Museums were given the green light to open earlier this month, but Mr Lovett said they delayed the reopening until August so they could prepare further.
He said: "The support from visitors and members has been exceptional. It has been one of the most heartening things from this. When we announced closure back in March, we had an awful lot of traffic through social media channels saying how sorry they were that we had closed. Then a kind of understanding from visitors that we are reliant on them to be able to survive very largely. We received a great outpouring of support.
"Without our visitors we are nothing really. I would say one of the highlights of the period is the support we have had from visitors to know they value you us and want us to open as quickly as possible.
"We decided to wait till August to reopen because preparation needed to be done, that was the main thing. Museums could open from July 4, and I think you are seeing a staged opening of lots of museums, lots of the nationals are opening in August. But for us it really was preparation time I think, to allow us to do that properly and to communicate with the staff how we were going to do it. It was also to give a decent run up of time for people, the public, to know that is when we are reopening.
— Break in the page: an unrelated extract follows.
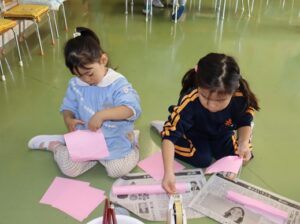 年下の友達も年長の友達が行っている姿を真似しながら友達や先生と一緒に作ることを楽しんでいました。

"The thing for us though we need to keep an eye on the level of visitor attendance and it will match the number of staff we need – so we are taking people we need slowly off furlough to be able to prep for the site coming back and once we reopen.
"We have to make sure it is financially viable for us, that's the great issue for us. I notice that a lot of attractions, museums and businesses that is their biggest dilemma, although they might be able to open can they afford to open? So we hope people will buy tickets – importantly if they do buy tickets or book a slot that they do turn up. That would be the biggest help that people could give us."
Mr Lovett added: "But until this happened [coronavirus] we have seen six years of continuous growth in attendance. Last year was 360,000 visitors. I would say if we could achieve 300,000 next year it would be a result – but it may be less than that and if that is the forecast then we will have to cut our cloth to be able to afford and survive on the reduced level of attendance.
"We will be looking for further funding from the taxpayer and Government to survive, we will take every opportunity and that will be equally as important to help us survive alongside how the market recovers in the months ahead. Like or all attractions, it will be a difficult period really.
"I would just like to express my thanks for people's support – I means a huge amount to us to see the supportive messages. It means a lot to me personally and to all the staff that work here. We look forward with relish to welcoming people back on August 1 and to physically see their support will be great to see.
"It will be lovely to see visitors again because they bring the energy and life to the place."